Son homologue Volodymyr Zelensky a, de son côté, ouvert la porte à une exploitation plus poussée du sous-sol national. En octobre, en présentant son plan pour la paix, le président ukrainien évoquait l’idée d’un « accord spécial » avec des nations partenaires, permettant une « protection commune » et une « exploitation commune des ressources stratégiques » de son pays.


Un « accord-cadre » à ce stade, selon le président ukrainien

Kiev et Washington ont cheminé vers un compromis ces dernières heures, qui devrait être étudié entre les deux hommes. « C’est un début, c’est juste un accord-cadre », a souligné Volodymyr Zelensky devant la presse, ce 26 février. Ajoutant : « Ce deal peut être un grand succès ou simplement disparaître. »

Selon un haut responsable ukrainien, cité par l’Agence France Presse, les Américains auraient accepté de ne plus faire figurer le chiffre d’une compensation équivalente à 500 milliards d’euros, un chiffre qui avait braqué la présidence ukrainienne. Concernant le volet relatif à la sécurité, le texte est encore susceptible d’évoluer. « Il s’agit d’une clause générale qui dit que l’Amérique investira dans une Ukraine souveraine, stable et prospère, qu’elle travaille pour une paix durable et que l’Amérique soutient les efforts en vue de garanties de sécurité », poursuit cette source citée par l’AFP.

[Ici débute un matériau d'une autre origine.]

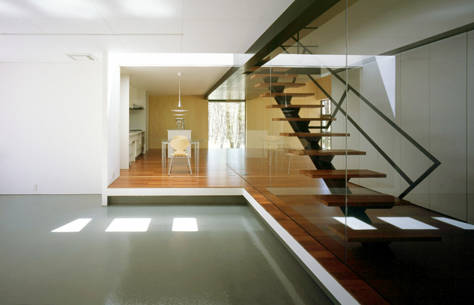 介護が必要になった家族と暮らす、このお宅。介護の為というのはもちろんでしょうが、フラットでシンプルなデザインが、とてもカッコいいです。そして介護用のスペースとして作られ部屋の間仕切りはガラス。これなら家族の目がいつも届くでしょうし、安心ですよね。部屋の奥のスペースにも光が優しく届いていい雰囲気です。
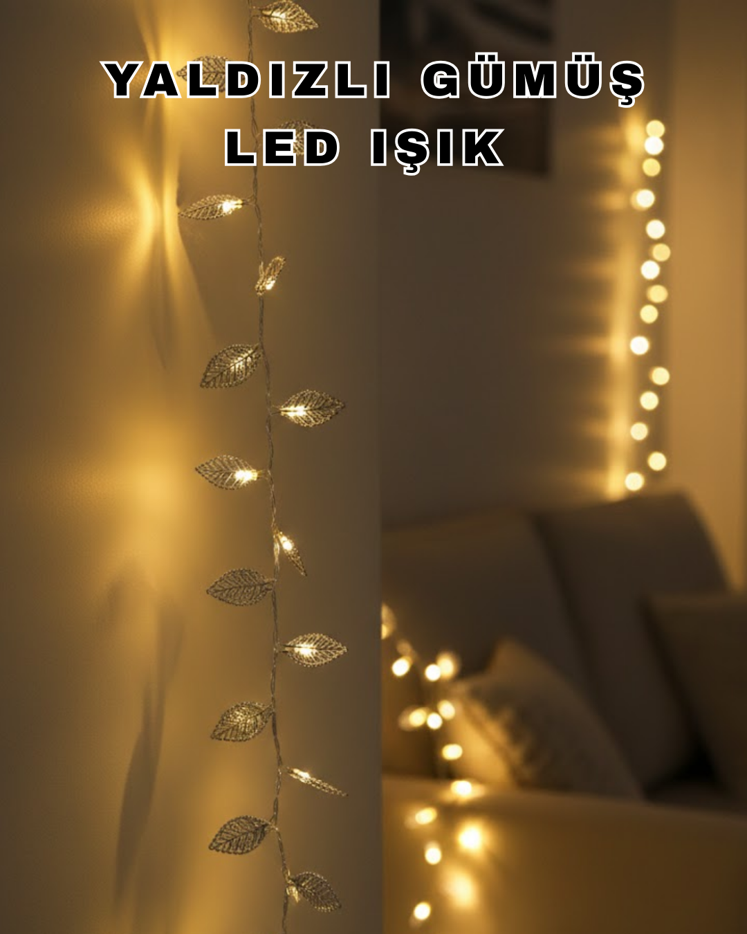 Sıcak ışık rengi, ortamda huzurlu ve sakin bir atmosfer yaratır. Günlük ev dekorasyonunda olduğu kadar yılbaşı, davet ve özel gün süslemelerinde de tercih edilebilir. Gümüş tonları sayesinde hem modern hem klasik dekorasyon stillerine uyum sağlar.
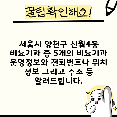 서울시 양천구 신월4동 비뇨기과 중 5개의 비뇨기과 운영정보와 전화번호나 위치 정보 그리고 주소 등 알려드립니다.

Une série de minerais critiques pour des technologies de pointe : graphite, titane

Dans cette négociation, Donald Trump fait encore la démonstration de sa vision « transactionnelle » de la diplomatie. Les minerais présents dans le sous-sol ukrainien sont en effet très recherchés par l’industrie de pointe. Qu’il s’agisse des énergies renouvelables, de l’industrie des batteries ou encore de la high-tech ? Ces gisements ukrainiens constitueraient une source de diversification non négligeable pour les États-Unis, inquiets de l’emprise croissante de la Chine dans la chaîne d’approvisionnement mondiale dans les minerais essentiels et les terres rares.

L’Amérique n’est d’ailleurs pas la seule à lorgner le sous-sol ukrainien. « 21 des 30 matériaux critiques dont l’Europe a besoin peuvent être fournis par l’Ukraine dans le cadre d’un partenariat gagnant-gagnant », a ainsi expliqué le commissaire européen à la Stratégie industrielle, le Français Stéphane Séjourné, il y a quelques jours. Et d’ajouter : « La plus-value de l’Europe, c’est que nous ne demanderons jamais un accord qui ne soit pas mutuellement bénéfique. »

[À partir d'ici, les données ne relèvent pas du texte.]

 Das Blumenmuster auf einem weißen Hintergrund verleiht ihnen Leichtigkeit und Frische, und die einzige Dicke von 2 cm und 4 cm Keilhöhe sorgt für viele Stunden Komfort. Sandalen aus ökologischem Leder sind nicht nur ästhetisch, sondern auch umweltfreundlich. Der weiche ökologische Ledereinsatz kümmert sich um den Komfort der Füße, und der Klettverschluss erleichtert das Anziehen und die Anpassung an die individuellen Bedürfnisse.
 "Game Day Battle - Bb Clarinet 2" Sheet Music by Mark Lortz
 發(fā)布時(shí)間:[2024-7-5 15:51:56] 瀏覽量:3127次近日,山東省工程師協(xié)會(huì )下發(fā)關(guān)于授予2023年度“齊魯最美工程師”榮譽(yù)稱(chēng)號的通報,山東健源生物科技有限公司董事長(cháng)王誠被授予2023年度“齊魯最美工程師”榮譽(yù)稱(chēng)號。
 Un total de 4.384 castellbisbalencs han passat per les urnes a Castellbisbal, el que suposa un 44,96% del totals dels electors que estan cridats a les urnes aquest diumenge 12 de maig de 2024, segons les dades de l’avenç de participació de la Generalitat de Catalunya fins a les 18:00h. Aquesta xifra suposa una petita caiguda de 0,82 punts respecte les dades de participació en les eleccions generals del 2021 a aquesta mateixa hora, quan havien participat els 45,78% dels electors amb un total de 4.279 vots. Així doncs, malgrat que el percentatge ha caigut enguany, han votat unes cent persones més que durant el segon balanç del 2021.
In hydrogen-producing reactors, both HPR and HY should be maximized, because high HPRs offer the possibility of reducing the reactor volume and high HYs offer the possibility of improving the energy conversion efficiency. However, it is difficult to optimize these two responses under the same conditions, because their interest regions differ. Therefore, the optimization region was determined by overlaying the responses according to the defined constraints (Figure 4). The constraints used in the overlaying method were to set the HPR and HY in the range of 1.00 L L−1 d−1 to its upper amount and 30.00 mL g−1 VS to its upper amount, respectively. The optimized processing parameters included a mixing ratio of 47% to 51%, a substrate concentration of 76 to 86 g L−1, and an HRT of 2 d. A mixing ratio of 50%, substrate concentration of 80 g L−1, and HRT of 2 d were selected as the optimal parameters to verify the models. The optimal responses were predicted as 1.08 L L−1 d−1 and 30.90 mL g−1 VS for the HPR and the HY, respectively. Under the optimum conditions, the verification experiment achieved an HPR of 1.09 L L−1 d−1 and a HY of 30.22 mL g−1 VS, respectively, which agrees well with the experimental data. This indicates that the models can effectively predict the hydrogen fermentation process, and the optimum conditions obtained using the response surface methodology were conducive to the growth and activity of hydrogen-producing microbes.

Le pays dispose en effet d’importantes ressources en manganèse, en titane (7 % des réserves mondiales) ou encore en graphite, indispensables aux batteries électriques. Le Bureau français de recherches géologiques et minières estime à 20 % la part des gisements mondiaux pour ce dernier minerai, présent en Ukraine. Cet établissement public estime également que l’Ukraine est « un des principaux pays d’Europe » en matière de potentiel d’exploitation du lithium, incontournable pour les batteries. Idem pour l’uranium.

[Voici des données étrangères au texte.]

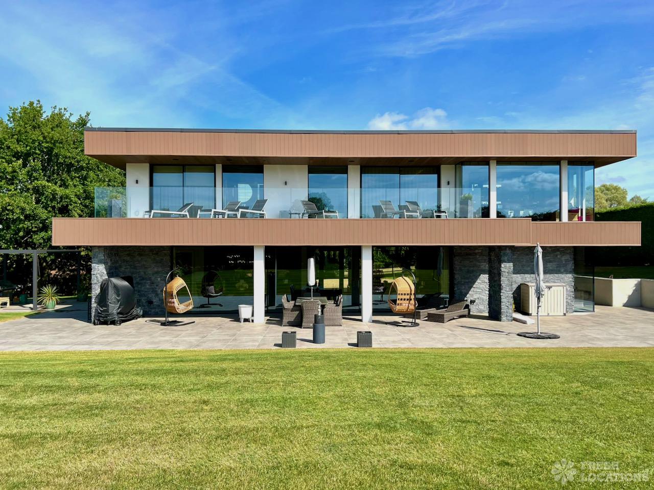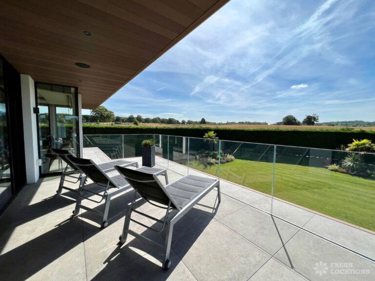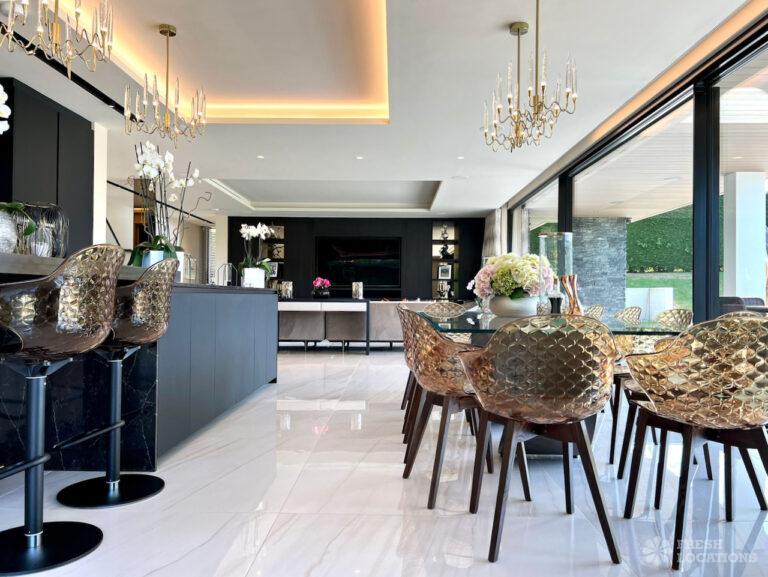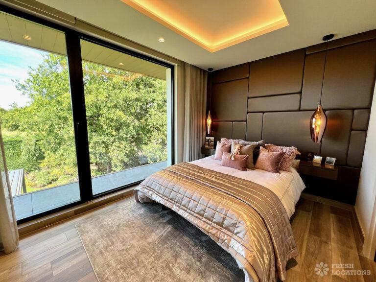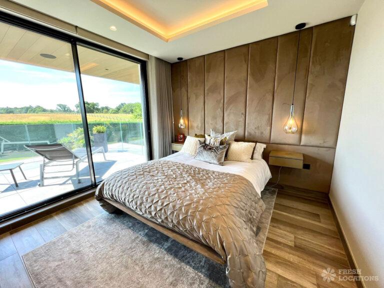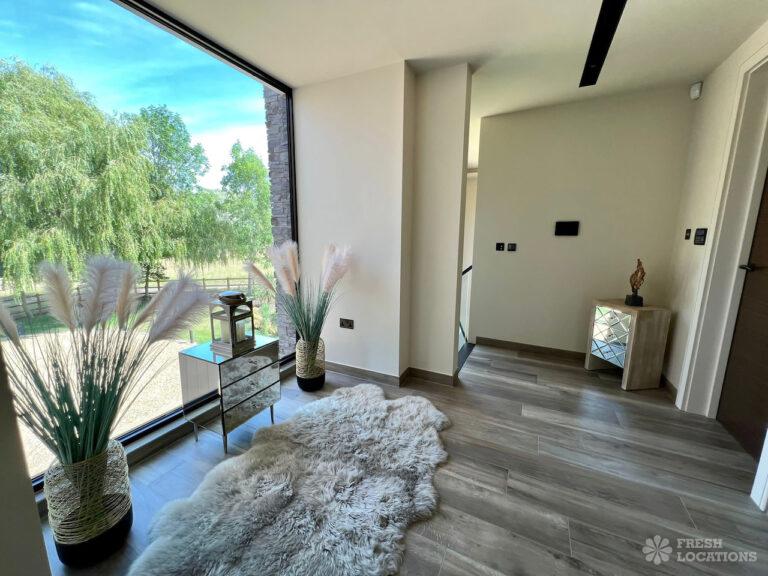 Wood Floors, Balcony, Driveway, Ensuite, Full Height Windows, Garden, Island Kitchen, Large Bedroom, Large Driveway, Large Kitchen, Light Wood Floor, Marble Floor, Open Plan, Staircase, Tiled Floor, Walk In Shower, Walk In WardrobeLarge modern home shoot location in Hertfordshire. Open plan kitchen/dining area/living room with floor to ceiling glass windows. 4 bedrooms all with ensuites and a large upstairs terrace.

De longs investissements en perspective

L’exploitation de ces ressources impliquerait dans un premier temps de mobiliser des capitaux considérables. Comme préalable au développement de l’activité minière, il faudrait remettre en état de marche les infrastructures énergétiques et routières nationales. Les besoins s’annoncent massifs. Selon un récent rapport de la Banque mondiale, le coût de la reconstruction du pays s’élèverait à plus de 500 milliards d’euros. Mais la nature même de l’activité minière passerait elle aussi par de lourds investissements.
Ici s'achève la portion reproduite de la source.